*What you need to do*
Copy exactly, from the beginning of the material below, every line up to and including the one holding "Nextcloud is already", with the pictures left out.

*Available data*
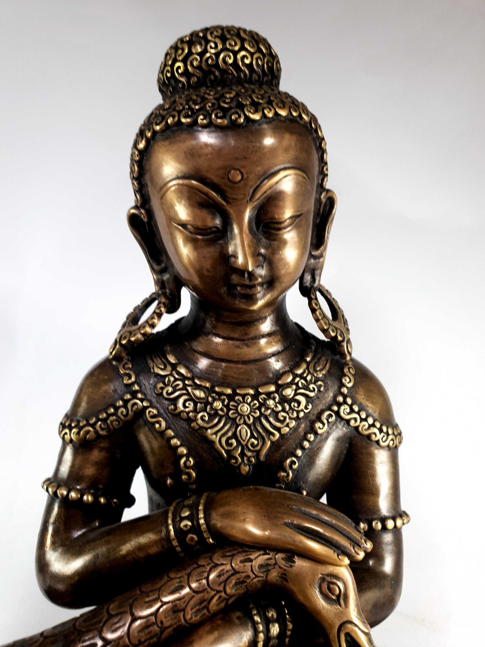 Siddhartha Gautam Buddha with Swan, Antique Finishing, HQ Brass Statue , The Awakened One, Attaining Perfect Wisdom, Compassion, and Enlightenment
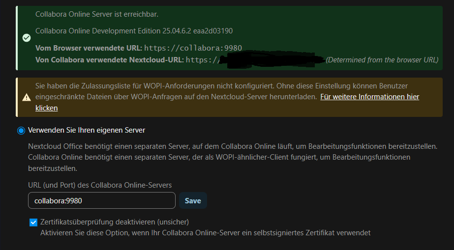 Nextcloud is already up and running, now I added Collabora. The Container is running and prompts that it is ready to accept connections.
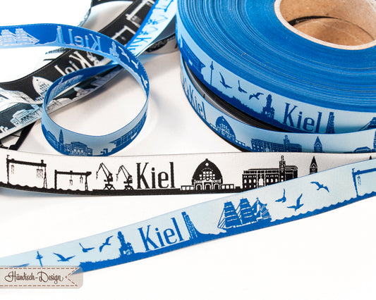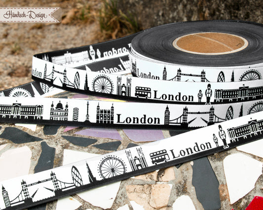 Alle Skylinewebbänder sind etwa 17 mm breit, aus 100 % Polyester und eignen sich hervorragend um auf etwas genäht oder um etwas herum gewickelt zu werden.
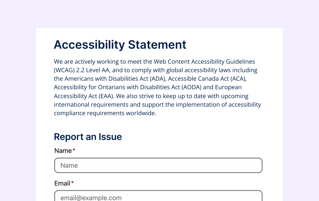 Create a clear accessibility statement in minutes, or use RAMP to simplify everything with our AI statement generator and user feedback form that routes user submissions into your workflow.

*Solution for this exercise*
 Siddhartha Gautam Buddha with Swan, Antique Finishing, HQ Brass Statue , The Awakened One, Attaining Perfect Wisdom, Compassion, and Enlightenment
 Nextcloud is already up and running, now I added Collabora. The Container is running and prompts that it is ready to accept connections.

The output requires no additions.